## required packages/modules
import matplotlib.pyplot as plt
import matplotlib.patches as patches
from matplotlib.path import Path
from matplotlib import rcParams

## default fontstyle
rcParams["font.family"] = "Ubuntu"

def get_patch(verts):
    codes = [Path.MOVETO] + [Path.CURVE4] * (len(verts) - 1)
    path = Path(verts, codes)
    patch = patches.PathPatch(path, facecolor='none', lw=1.5, edgecolor="#F2F2F2", alpha=0.7)
    
    return patch

## create subplot
fig, ax = plt.subplots(facecolor="#121212", figsize=(12,8))
ax.set_facecolor("#121212")


## props for text
props = dict(facecolor="none", edgecolor="#D3D3D3", boxstyle="round,pad=0.6", zorder=3)

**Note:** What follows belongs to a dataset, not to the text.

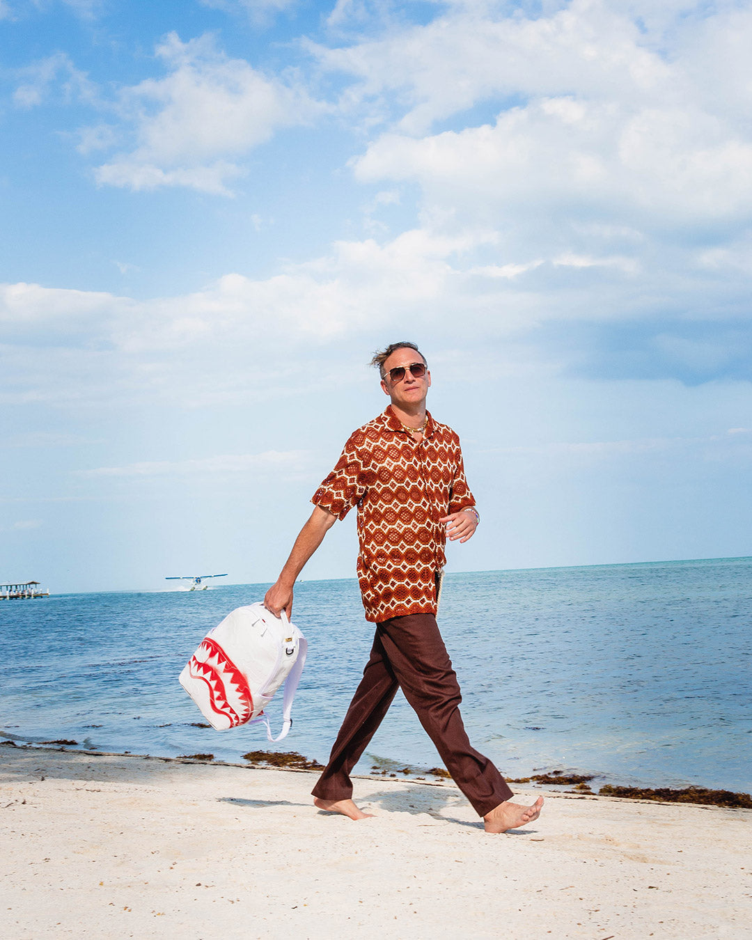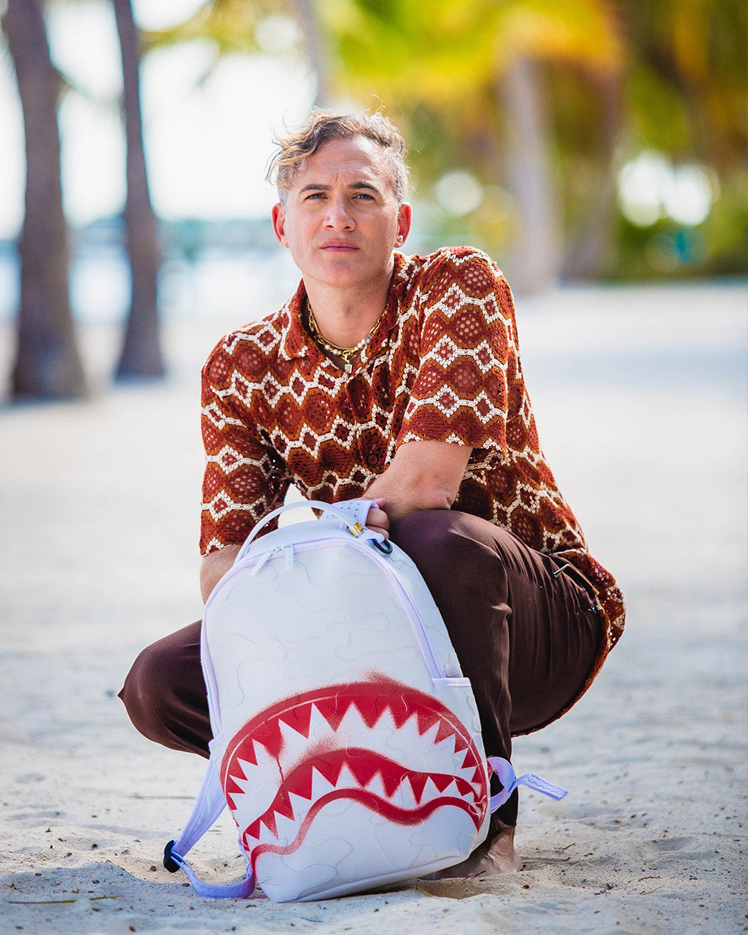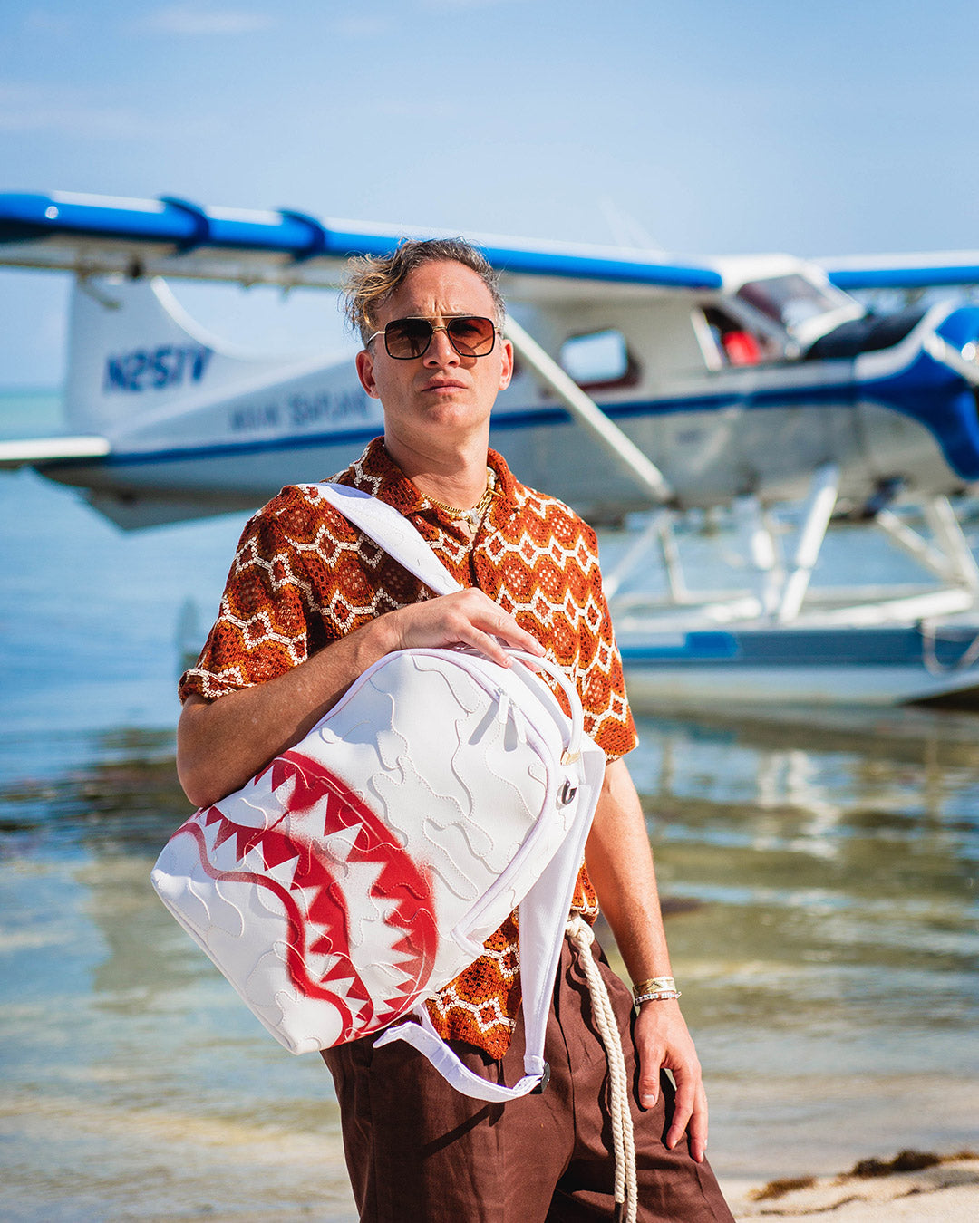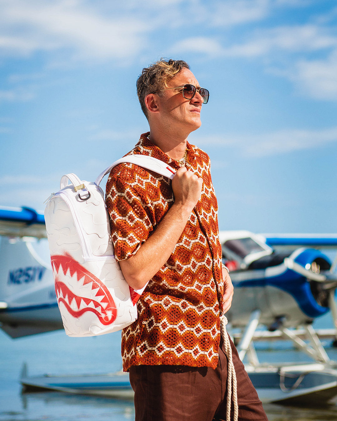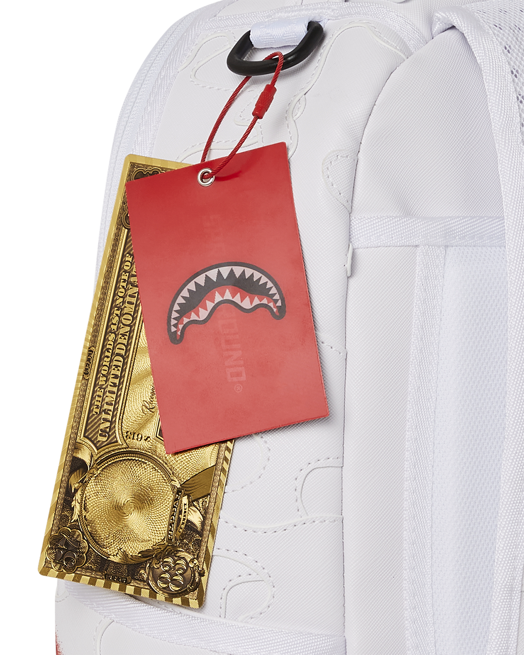 Dimensions: 18' x 6' x 11.5' • Front zipper pocket • Side pockets • Zippered Stash pocket • Separate velour sunglass compartment • Ergonomic mesh back padding • Adjustable Straps for custom sizing • Gold zippers with metal hardware • Metal 'Sprayground Authentic' badge • Slide through back sleeve connects to carry-on luggage to free your hands

## coordinates to plot line
line_coords = [
    [(5, 9.5), (5, 8.5), (4.5, 8.5), (1, 8)],      ## line 01
    [(5, 9.5), (5, 8.5), (5.5, 8.5), (9, 8)],      ## line 02
    
    [(1, 6.5), (1, 5.9), (0.5, 5.9), (-1, 5.4)],   ## line 03
    [(1, 6.5), (1, 5.9), (1.5, 5.9), (3, 5.4)],    ## line 04
    
    [(9, 6.5), (9, 5.9), (8.5, 5.9), (7, 5.4)],    ## line 05
    [(9, 6.5), (9, 5.9), (9.5, 5.9), (11, 5.4)],   ## line 06
    
    [(11, 4.4), (11, 3.8), (10.5, 3.8), (9, 3.3)],  ## line 07
    [(11, 4.4), (11, 3.8), (11.5, 3.8), (13, 3.3)],  ## line 08
]

## add lines
for verts in line_coords:
    ax.add_patch(get_patch(verts))

## text coordinates
text_coord = [
    (5, 10.1), 
    (1, 7.23), (9, 7.23),
    (-1, 4.9), (3, 4.9), (7, 4.9), (11, 4.9),
    (9, 2.85), (13, 2.85)
]

## text label and size
text_label = [
    ("Data", 18), ("Qualitative\nData", 16.5), ("Quantitative\nData", 16.5),
    ("Nominal", 14.5), ("Ordinal", 14.5), ("Discrete", 14.5), ("Continuous", 14.5),
    ("Interval", 13.5), ("Ratio", 13.5)
    
]

## add text
for i in range(len(text_coord)):
    text = ax.text(
        text_coord[i][0], text_coord[i][1], text_label[i][0], color="#F2F2F2", size=text_label[i][1],
        bbox=dict(facecolor="none", edgecolor="#D3D3D3", boxstyle="round,pad=1"), zorder=2,
        ha="center", va="center"
    )

## credit
ax.text(
    13.7, 1.7, "graphic: @slothfulwave612", fontstyle="italic", 
    color="#F2F2F2", size=10, ha="right", va="center", alpha=0.8
)
    
## set axis
ax.set(xlim=(-2.25,13.75), ylim=(1.5,11))

## tidy axis
ax.axis("off")

plt.show()

Levels of Measurement

Defining The Term

  • The levels of measurement or scales of measurement is about how each variable is measured and how precise each variable is.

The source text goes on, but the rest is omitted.